MDL SDFile format read by OElib code from OpenEye (this does not require any additional code or license).

Tripos Sybyl/MOL2 format read by OElib code from OpenEye (this does not require any additional code or license).

In a typical application the user would include in the molecular structure file all the molecules which are a part of an investigation. Thus, the input molecular structure file can contain one or many structures. Other molecules may, of course, be added later or done separately. It is critical that the keyword INPUTFORMAT match the file format that is provided for input molecular structure file that is provided in the argument. That is, if the keyword INPUTFORMAT is set to "oelibsdf" then no matter what the name of the file is, it must be an SDF format file.

OUTPUT FILE

The structure of the output file depends on the keywords used in the control file. For example, use of the the keywords USEFULRECORDS and HEADERS "top" will provide output for most interesting descriptors with a listing of the descriptor names.

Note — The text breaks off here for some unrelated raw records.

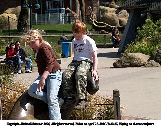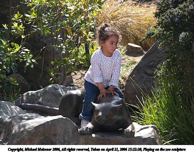 Picture #4: Playing on the zoo sculpture #2 640x503, 102,278 bytes (100K), (html file) Copyright, Michael Meissner 2006, All rights reserved Olympus E-1 camera with Olympus 50-200mm f/2.8-3.5 lens f/8.0, ISO 400, 1/1000 sec, 56.0mm, auto mode, SHQ, matrix metering, +2 sharpening 35mm equivalent focal length 112.0mm Taken by Michael Meissner on April 21, 2006 15:22:47 Last modified on April 21, 2006 at 20:52 |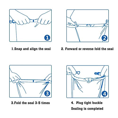 ♥ Binden Sie die Oberseite des Beutels mindestens 3Mal ab und befestigen Sie die Schnalle, um die Versiegelung sicherzustellen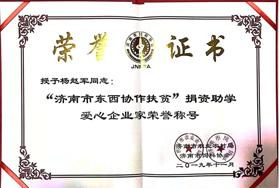 ? ? ? 熱烈祝賀公司董事長楊趙軍先生被授予“濟南市東西協作扶貧”捐資助學愛心企業家榮譽稱號!
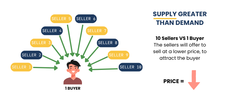 - When supply is greater than demand = the price decreases
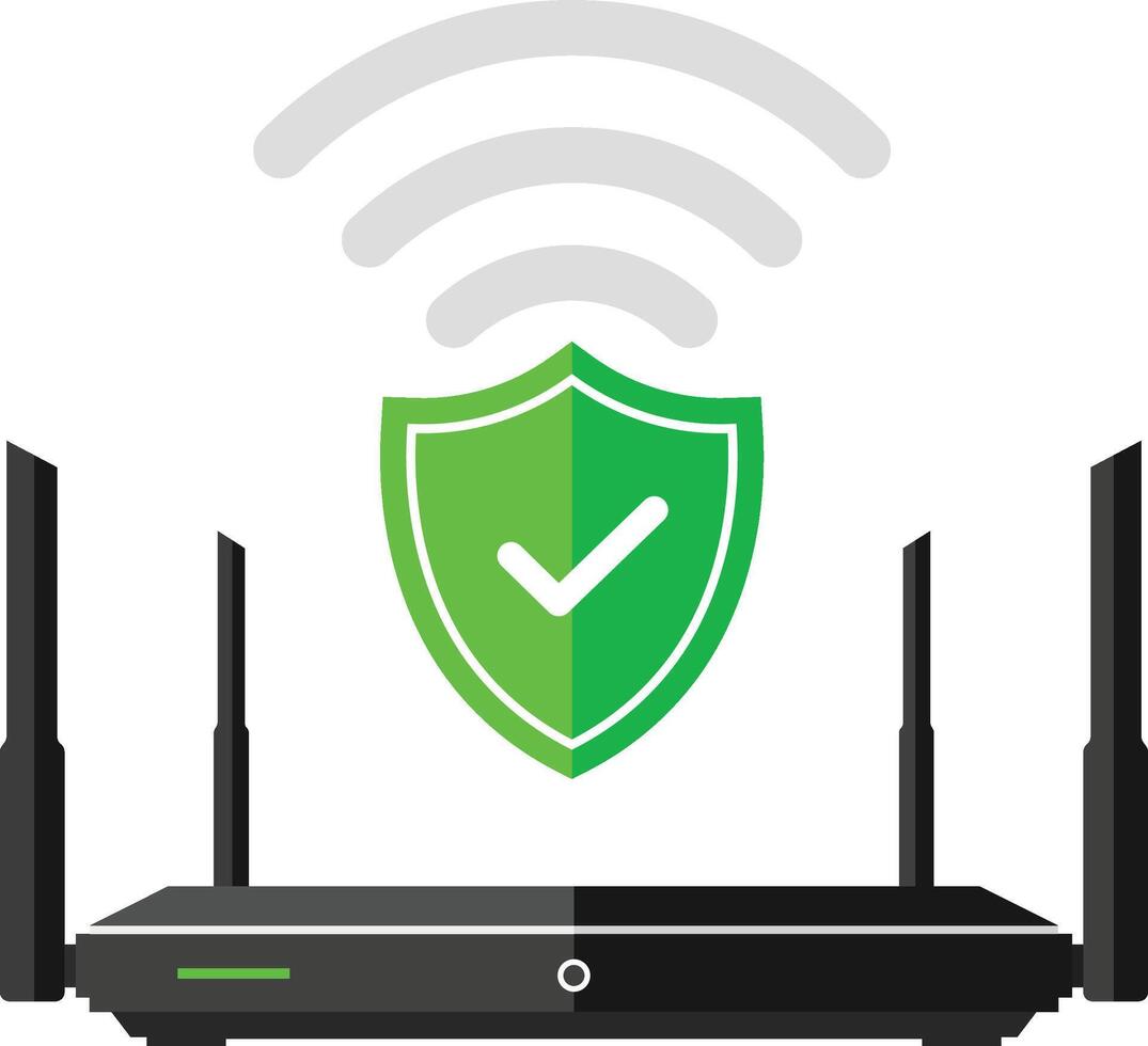 Router with green shield and wifi signal icon wireless internet Pro Vector

Note that not all molecules may have a value for a particular descriptor, in which case it will be 0.0. One should be careful using the keywords ALLRECORDS and HEADERS "all" as this could produce a very large output file if your database of molecules is large. The output file will look distintively different if the keyword CSVUSEFUL is used. In this case all descriptor values for each compound will be in a single line separated only by commas. This type of output may help read the data into certain data analysis packages (like OpenOffice or EXCEL).

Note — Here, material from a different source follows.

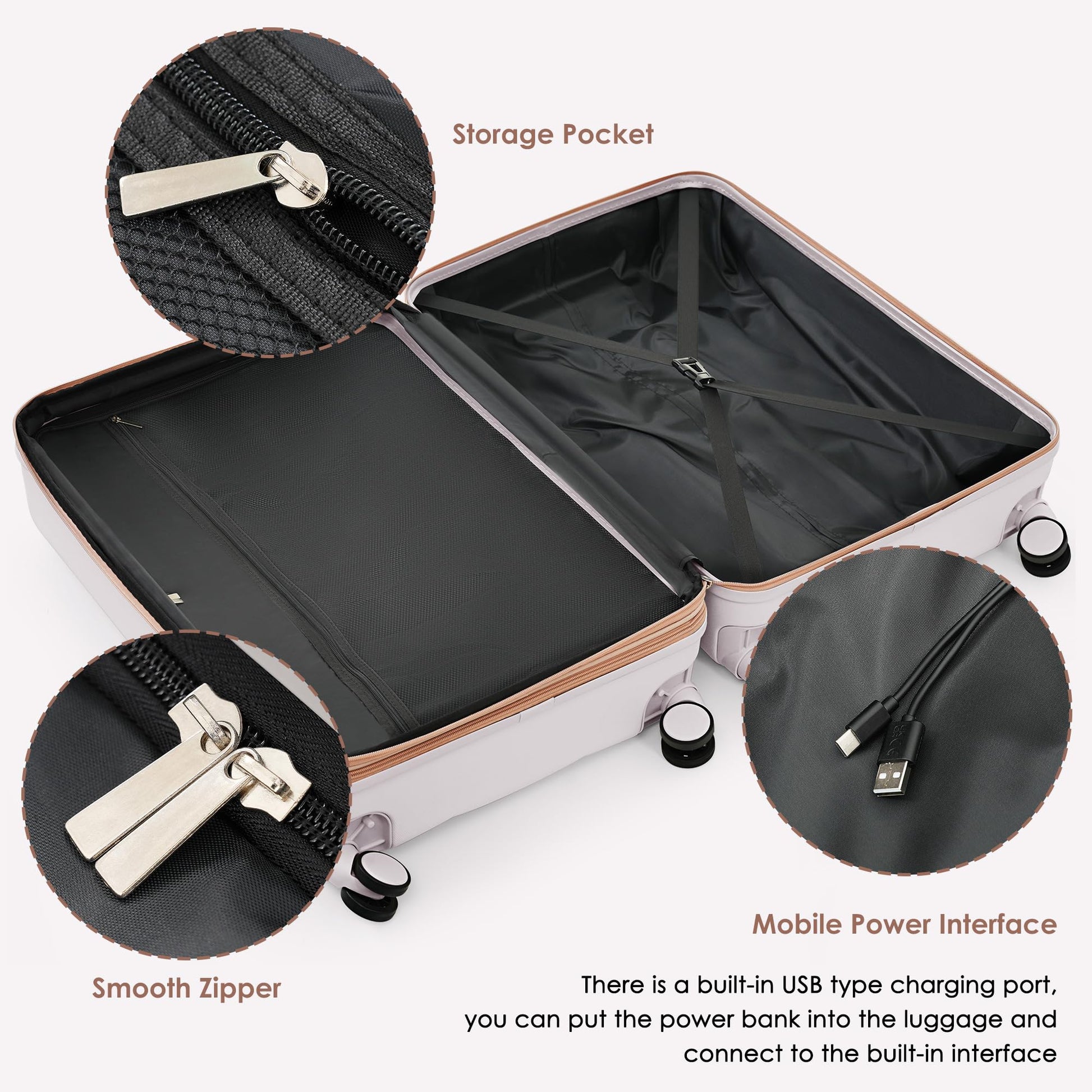Weight (lbs.):26.46 【High Quality Luggage Sets】Made from extra strong ABS material, which is lightweight and extremely durable. Features textured finish to prevent against scratches,keeping lightweight luggage set beautiful trip after trip. 【3 Piece Luggage set】The 20" carry on suitcase features USB charging ports (Power bank not included), 24", 28 "are expandable, adding 25% space capacity for hardshell luggage. 【Easy Maneuvering】 4 360-degree rotating wheels make this suitcase as mobile as they get. Regardless of direction, these wheels allow your suitcase to stay upright while getting pushed, pulled and dragged in any direction. 【Side hooks】 Side hooks to reduce the burden on hands. 【Handy Packing】 Includes a spacious, highly functional interior with mesh pockets and elastic tie-down straps. Pack neatly and securely. 【Free Your Hands】 The newly designed cup holder is perfectly integrated into the structure of the spinner luggage, providing you with a convenient option to put your cup on the go without worrying about it tipping or slipping.

There is a slight difference in the record #1 in the CSVUSEFUL versus a non-CSV output. The CSVUSEFUL output will include an error code number as the second value (after the first comma). In a normal run this value will be "0". If there is a problem with the run, the value of this field will not be "0" and can be determined from the following table (see Appendix IV for more Error infomation):

ESLC_MOLCONNZ_ERROR_CIRCUITBUFFEROVERFLOW 1
ESLC_MOLCONNZ_ERROR_PATHBUFFEROVERFLOW 2
ESLC_MOLCONNZ_ERROR_DISCONNECTEDGRAPH 3
ESLC_MOLCONNZ_ERROR_EDGESOVERFLOW 4
ESLC_MOLCONNZ_ERROR_MONOATOMIC_MOLECULE 5
ESLC_MOLCONNZ_ERROR_UNPARAMETERIZED_ELEMENT 6
ESLC_MOLCONNZ_ERROR_FILE_READ_FAILURE 90

When an error is encountered, the line of output will be substantially reduced. In the case of CSVUSEFUL, there will only be 4 values (the second being non-zero), and in the case of printing RECORD 1 (not using CSVUSEFUL) there will be 12 entries, the last of which will be "not_available". Since RECORD 1 does not contain a field for errorcode, the errorcode (see table above) is recorded in the nclass field of RECORD 1 only when there is an error. Otherwise the value in nclass will be nclass, or the number of classes of topologically (symmetry) equivalent graph vertices. Also the order of the descriptors is slightly different as shown here:


CSVUSEFUL 
molnumber,errorcode,molname,nvx,nedges,nrings,ncircuits,nclass,nelem,ntpaths,molweight 
 
NORECORDS 
ADD 1 
moleculenumber narecs nvx nedges nrings ncircuits nclass nelem ntpaths molweight molname formula

Typically, an analysis with Molconn-Z might involve evaluating all records on a few representative molecules, followed by selecting a limited number of descriptors to evaluate a large database of molecules. This limited number of descriptors will probably paired down even further to something less than 10. The descriptors are output in the order defined by the records (see Appendix I) and in the order of the molecules listed in the input structure file.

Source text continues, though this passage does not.